Starting at the line that contains "لعبة الإعصار.. مغامرة وترفيه", please transcribe every line through the end of the entries, exactly and with no pictures.

Material provided Start Marker

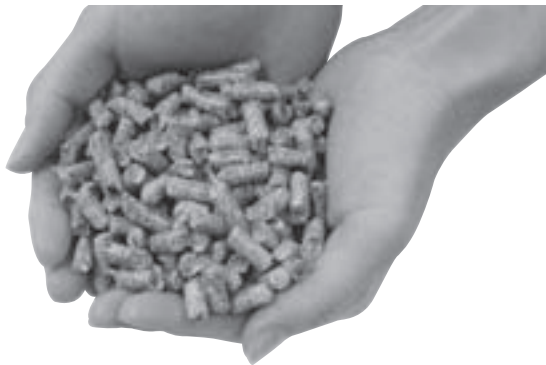
バイオマス燃料の一つであるペレット燃料。ペレットとは英語で「小さい塊」の意。間伐材や木くずなどを小さく固めて作ります

バイオマスとは、もともと生物 (bio) の量 (mass) のことで、エネルギー源や原料として使うことができる、再生可能な生物由来の動植物資源 (化石燃料は除く) の総称です。
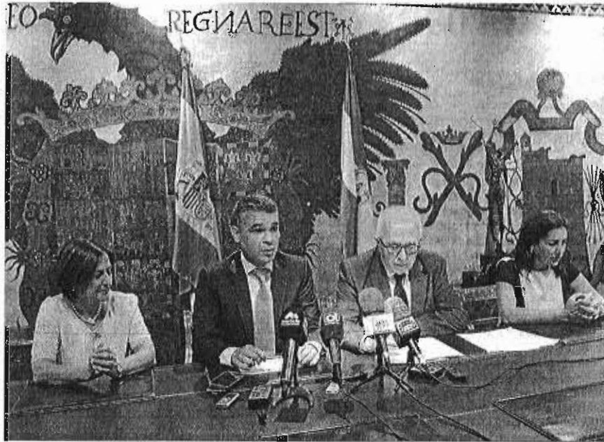
El alcalde de Marbella, durante su intervención.
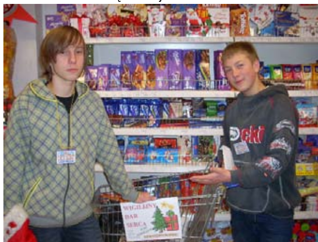
Członkowie Klubu Młodzieżowych Wolontariuszy.

PS Wolontariusze dziękują wszystkim mieszkańcom, którzy tak ofiarnie włączyli się do akcji.
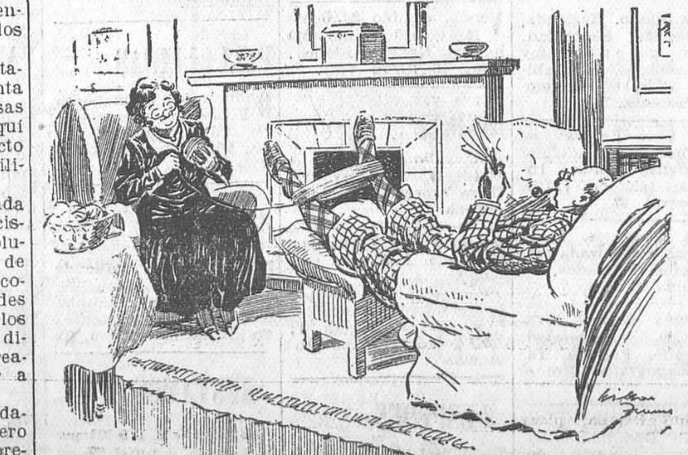
Utilidad del marido con el mínimo esfuerzo (The Humorists)
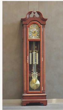
福岡歯科大学 同窓会寄贈品
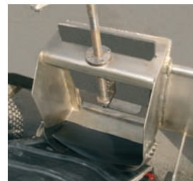
Compuerta para el vaciado de la tolva.
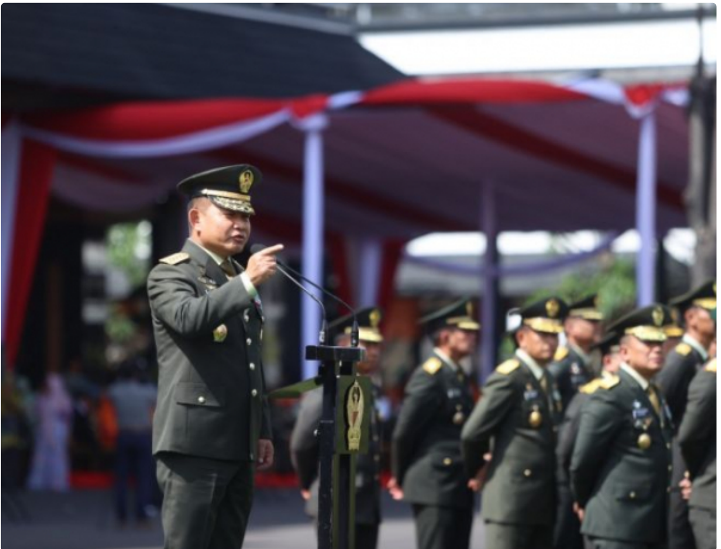
Kepala Staf Angkatan Darat (Kasad) Jenderal TNI Dr. Dudung Abdurachman saat menyampaikan pesan kepada 292 Perwira Remaja (Paja) TNI AD Lulusan Akademi Militer Tahun 2022 di Mabesad, Jakarta

Jakarta – "Ingat Prajurit kita saat ini bukanlah obyek lagi, tetapi telah menjadi subyek. Kalau kamu memimpin tidak benar maka dia akan bergejolak dan kamu akan berhenti. Oleh karena itu lakukan yang terbaik dengan berpegang teguh kepada Sapta Marga, Sumpah Prajurit dan 8 Wajib TNI serta 11 azas
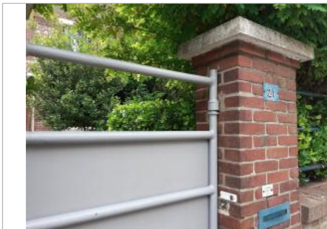
portail d'entrée donnant sur la rue
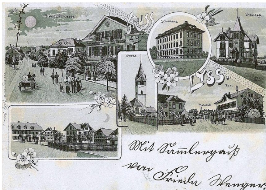
Alte Postkarte aus Lyss
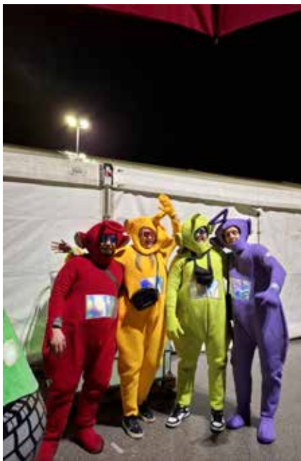
Pustarji v Desklah.
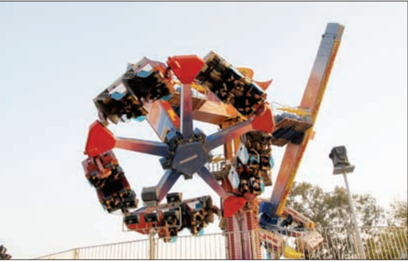
لعبة الإعصار.. مغامرة وترفيه
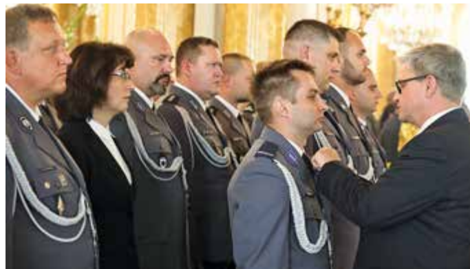
Wyróżnionych policjantów odznaczał na zamku także szef BBN Paweł Solocho

W tym czasie wzdłuż Międzymurza Piotra Biegańskiego na Starym Mieście mieszkańcy stolicy i turyści mogli odwiedzać policyjne stoiska profilaktyczne, które wystawiły wszystkie garnizony i szkoły Policji (więcej o pikniku policyjnym piszemy na s. 18).
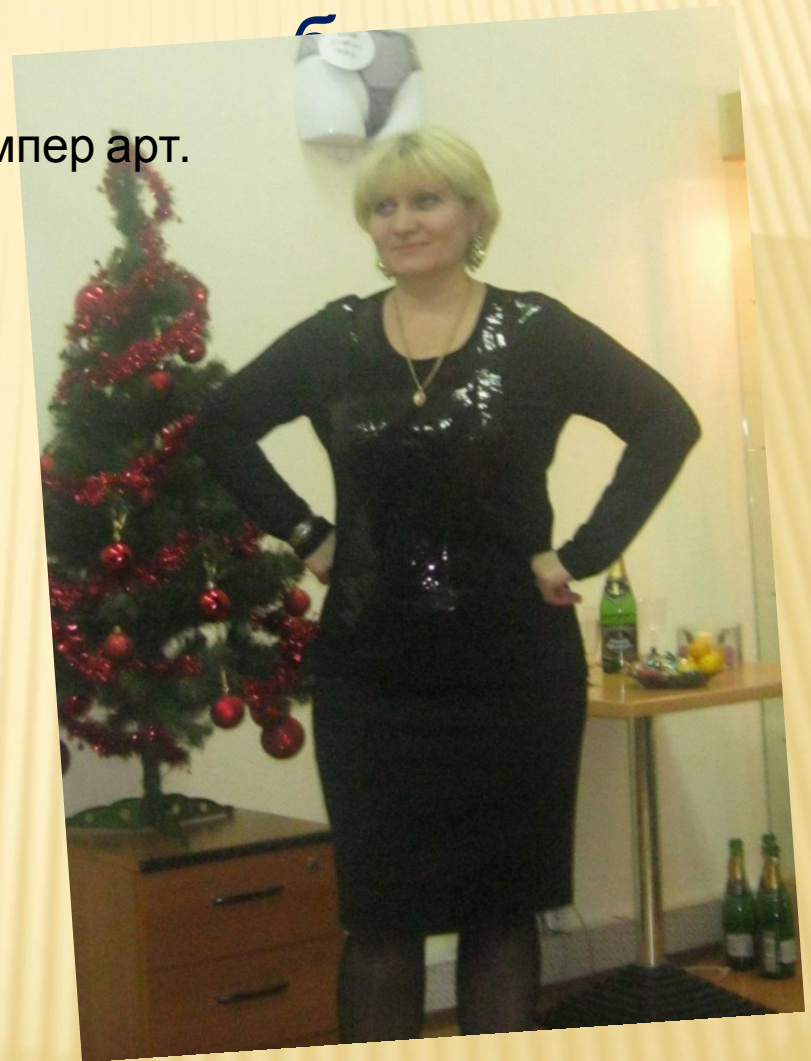
Джемпер арт. 659
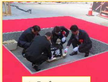
いみごて 齋鐔の儀
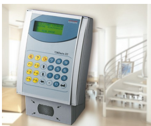
Terminal for time recording, access control and order management
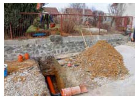
Izvođenje priključaka u Gečkovcu
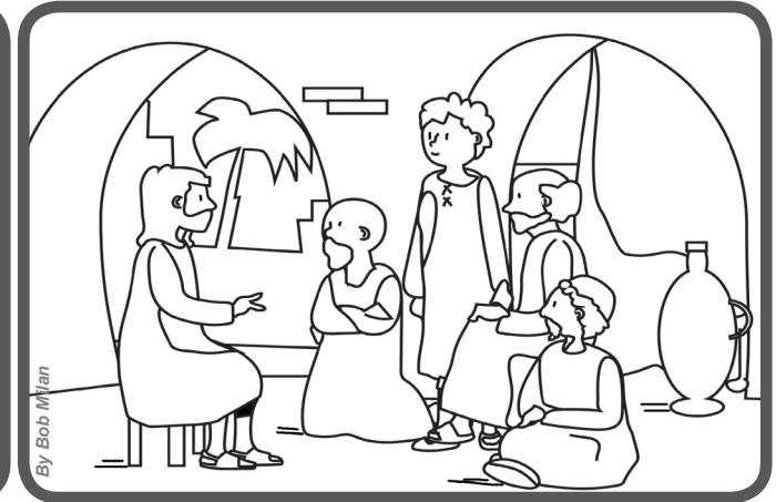
Depois Jesus chama os seus discípulos à parte e doa também a eles o poder de curar doenças. De graça recebestes, de graça deveis dar! (Mt 10,8).
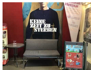
Kasse und Verkaufstresen
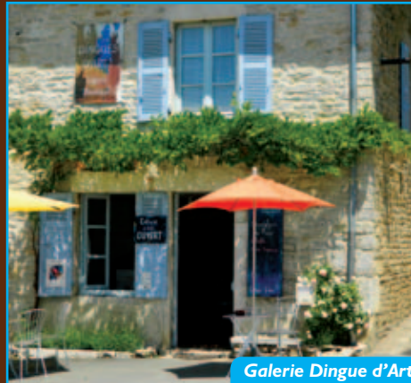
Galerie Dingue d'Art
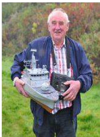
En stolt modelbygger.

Telefon: (+45) 20 33 30 85 Fax: (+45) 36 90 67 17 Mail: aagaard61@hotmail.com www.aagaard61.webbyen.dk
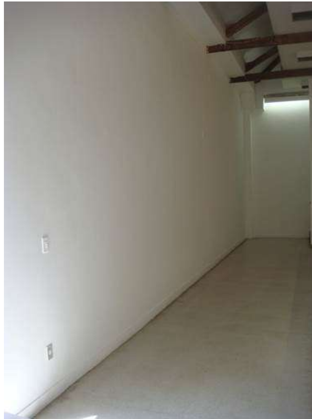
Fig. 13: mezanino
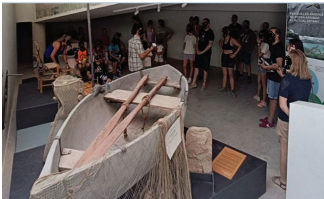
Figura 9. Casa-museo Cal Sinén, año 2023
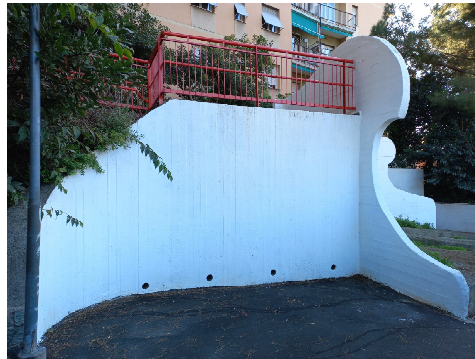
Muri del parco post intervento

Material provided End Marker

### Response area
لعبة الإعصار.. مغامرة وترفيه
Wyróżnionych policjantów odznaczał na zamku także szef BBN Paweł Solocho

W tym czasie wzdłuż Międzymurza Piotra Biegańskiego na Starym Mieście mieszkańcy stolicy i turyści mogli odwiedzać policyjne stoiska profilaktyczne, które wystawiły wszystkie garnizony i szkoły Policji (więcej o pikniku policyjnym piszemy na s. 18).
Джемпер арт. 659
いみごて 齋鐔の儀
Terminal for time recording, access control and order management
Izvođenje priključaka u Gečkovcu
Depois Jesus chama os seus discípulos à parte e doa também a eles o poder de curar doenças. De graça recebestes, de graça deveis dar! (Mt 10,8).
Kasse und Verkaufstresen
Galerie Dingue d'Art
En stolt modelbygger.

Telefon: (+45) 20 33 30 85 Fax: (+45) 36 90 67 17 Mail: aagaard61@hotmail.com www.aagaard61.webbyen.dk
Fig. 13: mezanino
Figura 9. Casa-museo Cal Sinén, año 2023
Muri del parco post intervento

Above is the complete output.